À première vue, elle était exactement ce qu’elle semblait être : une erreur.

La cible devait être la fille du Viper, et Daisy Bennett n’était pas cette femme.

Pourtant, en poursuivant ma lecture, un détail m’arrêta net.

Mère : Elena Volkov (nom de jeune fille)…

Je fronçai les sourcils et me renversai lentement contre le dossier de mon fauteuil.

« Volkov. »

Plus tôt dans la soirée, mes hommes avaient confirmé l’identité du Viper… et ils avaient découvert qu’il s’agissait de Roman Volkov.

— le même nom de famille que portait également la mère de cette Daisy Bennett.

Tout cela tombait trop à point pour être un hasard ; je me connectai au système pour mener mes propres recherches sur Daisy et creuser davantage son passé.

J’accédai aux journaux internes et à leurs modifications, et au bout d’environ une heure, je mis la main sur quelque chose de stupéfiant.

Le Viper, alias Roman Volkov, était notoirement connu comme un démon impitoyable dans le milieu du crime. Je ne m’en étais pas soucié jusqu’au jour où ses opérations avaient coûté la vie à ma mère. Depuis, je le traquais, sans parvenir à l’attraper ni à trouver un point faible — jusqu’à ce qu’on m’apprenne qu’il avait un enfant, une fille.
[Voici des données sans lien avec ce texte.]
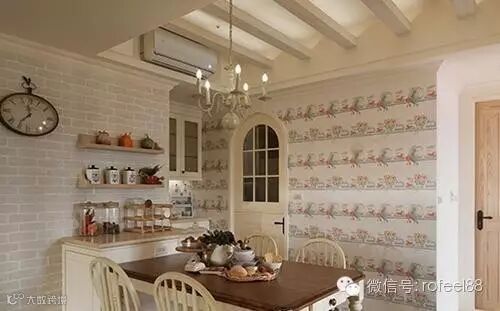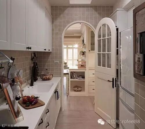 圆拱线条的上下双开门内,透过復古砖与白色木作柜门铺排,在厨房延续一贯的美式乡村情调。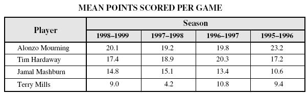 (впрочем и образование вообще, глядя как у нас обучение в высшей школе постепенно превращается в продажу диплома в рассрочку) Когда мне на глаза попались тесты для школьников Флориды, у меня волосы встали дыбом. Самый сложный тест по математике из найденных мною предлагал задачи уровня: Таблица показывает среднее число очков, выигранных в игру четырьмя профессиональными игроками баскетбола в четыре сезона. Какой игрок имел самый большой диапазон средних очков в течение сезонов, показанных в таблице? Варианты ответов: А. Alonzo Mourning B. Tim Hardaway C. Jamal Mashburn D. Terry Mills Или: Два паруса на лодке в диаграмме подобны. Какова длина AB?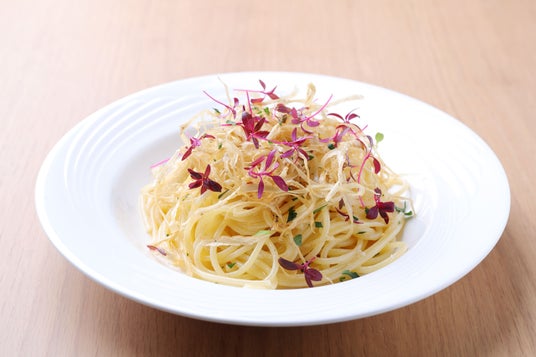ペペロンチーノにごぼうのフライ、アマランサスというハーブをトッピング。 食感と香りを楽しんでいただくそんな一品にしました! 見た目も立体的なので写真映えです♪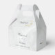 A stylish marble design wedding favour box with elegant script. Perfect for filling with treats or small gifts to thank your guests. Customisable with names, date, and location for a personal touch.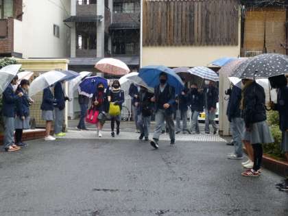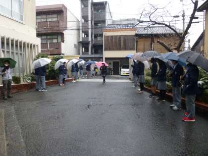 正門ではあいさつ運動をしてくれていました!今日はチャイムが鳴りません。自分たちで時間管理をしながら,しっかり行動しましょう!

Ce misérable pouvait donc se reproduire… et le nom de sa fille avait été identifié : Anastasia Volkov, celle que nous venions de laisser filer.

Mais maintenant…

Je laissai tomber le dossier et me levai d’un bond. Puis je quittai le bureau.
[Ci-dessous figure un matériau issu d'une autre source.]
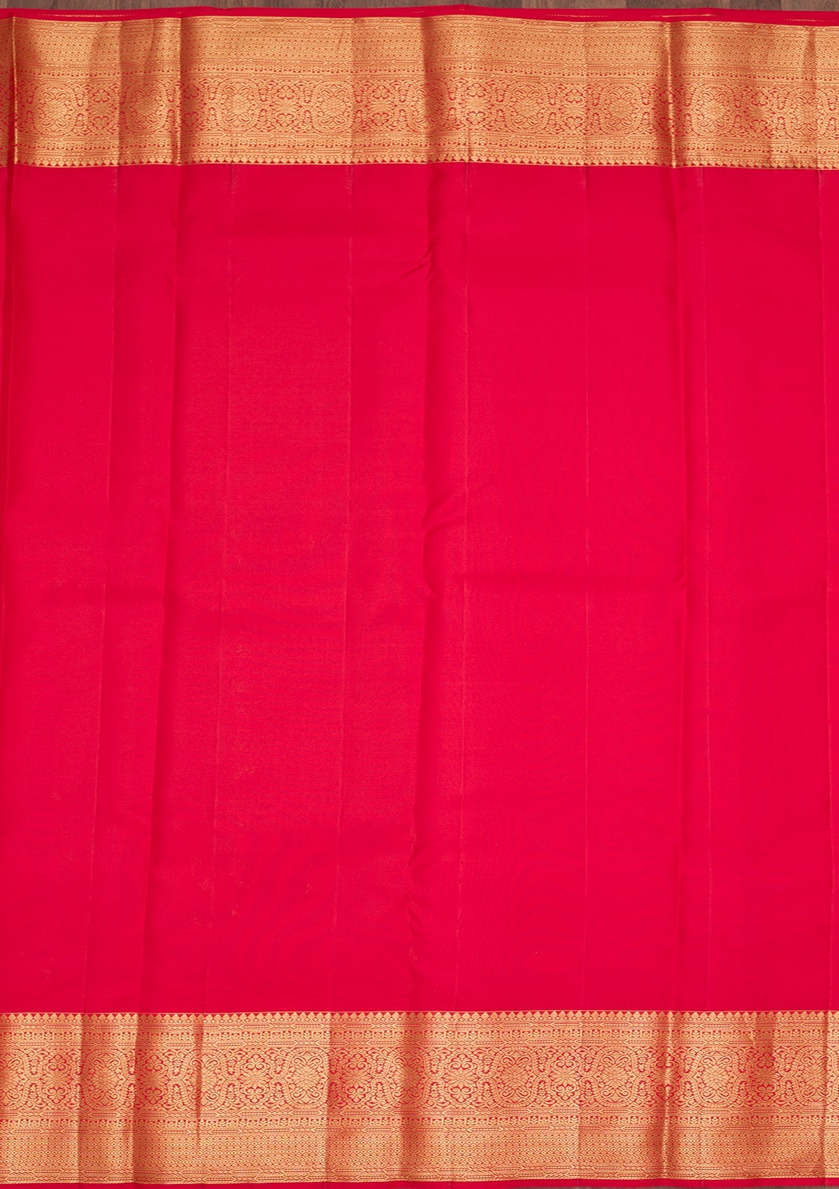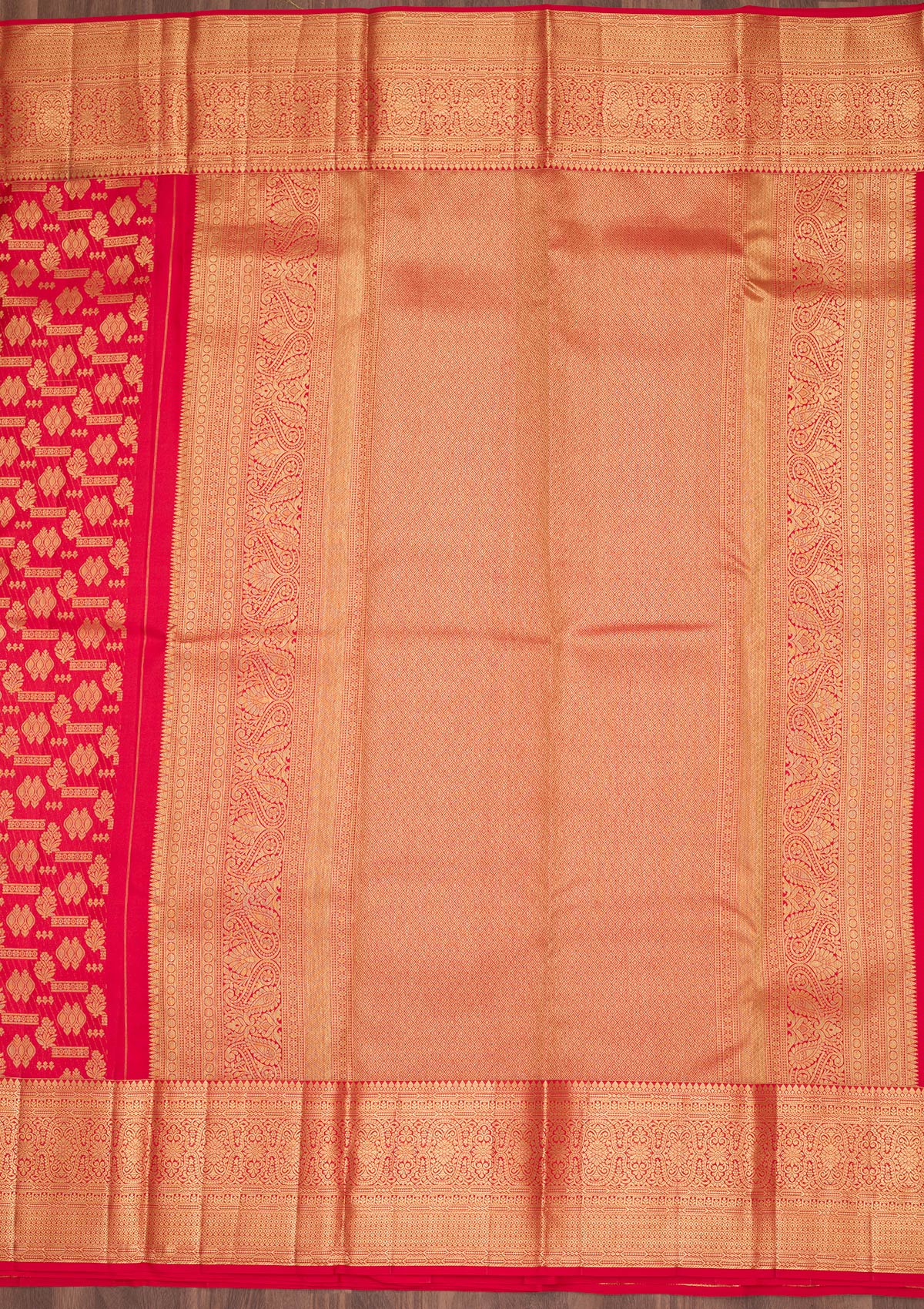 Red Silk Saree in Pure Silk fabric The Silk Saree is elevated with Zariwork embroidery It comes with an Unstitched blouse Comes with the Koskii promise of premium quality.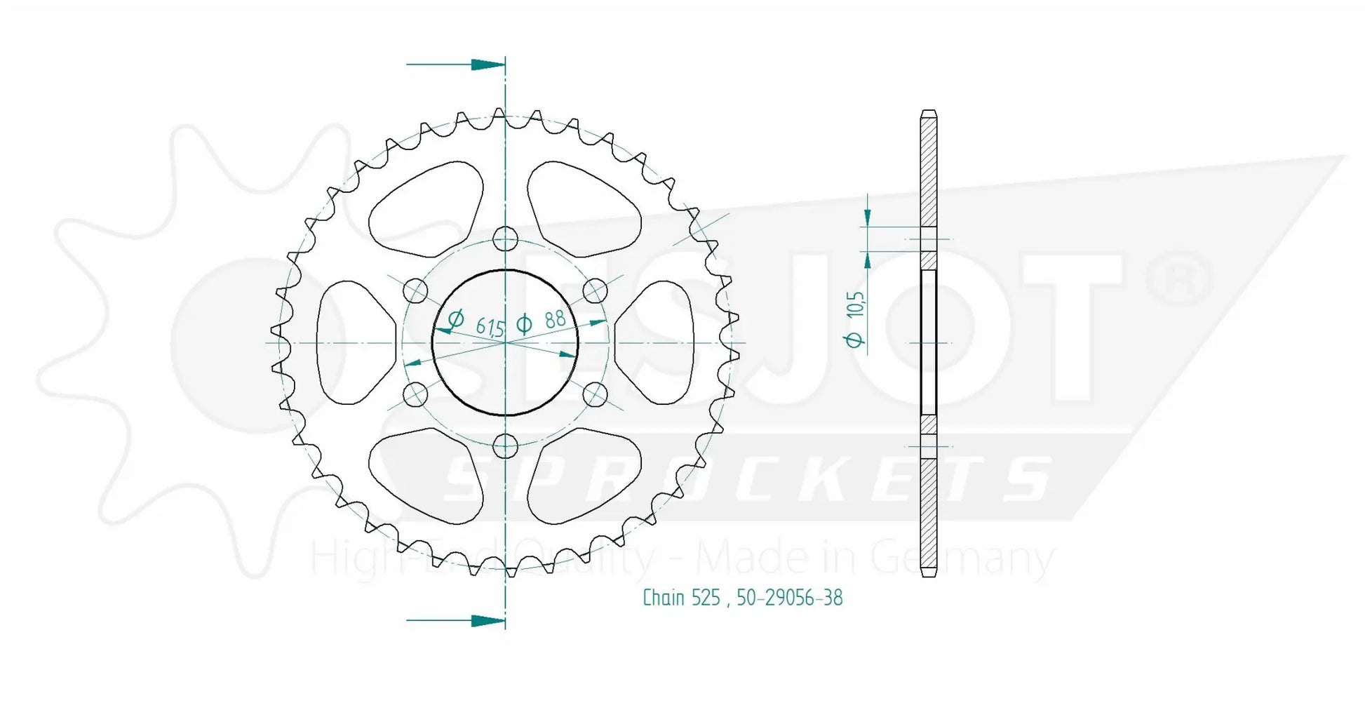 Das Esjot 525 Kettenrad wird aus hochfestem QSTE460-Stahl gefertigt und mit einer speziellen Oberflächenbehandlung für erhöhte Verschleißfestigkeit versehen. Dank des fortschrittlichen Diamond Cut 2.0-Verfahrens ist die Verzahnung präzise konstruiert, um einen reibungslosen Ketteneingriff und minimalen Verschleiß selbst unter härtesten Bedingungen zu gewährleisten. Mit Rundlauf- und Axialabweichungstoleranzen von unter 0,1 mm sorgt dieses Kettenrad für optimale Kraftübertragung und reduzierte Vibrationen. Ob erfahrener Profi oder ambitionierter Motorradfahrer – das Esjot Kettenrad ist die perfekte Wahl, um die Leistung Ihres Motorrads zu maximieren. Stolz hergestellt in Deutschland, können Sie sich auf seine überlegene Qualität und Zuverlässigkeit verlassen. Steigen Sie auf Esjot um und erleben Sie den Unterschied!

Nico pianotait sur son téléphone, adossé au mur à l’extérieur de la chambre d’amis, quand j’arrivai.

— Elle m’a demandé si les fenêtres étaient pare-balles et je l’ai regardée bizarrement, m’annonça-t-il, puis… Elles le sont ?

— Oui.

— D’accord. Sympa.

Je passai devant lui et entrai dans la chambre. Daisy Bennett était assise au bord du canapé, les bras serrés contre sa poitrine comme si elle se préparait à une nouvelle dispute.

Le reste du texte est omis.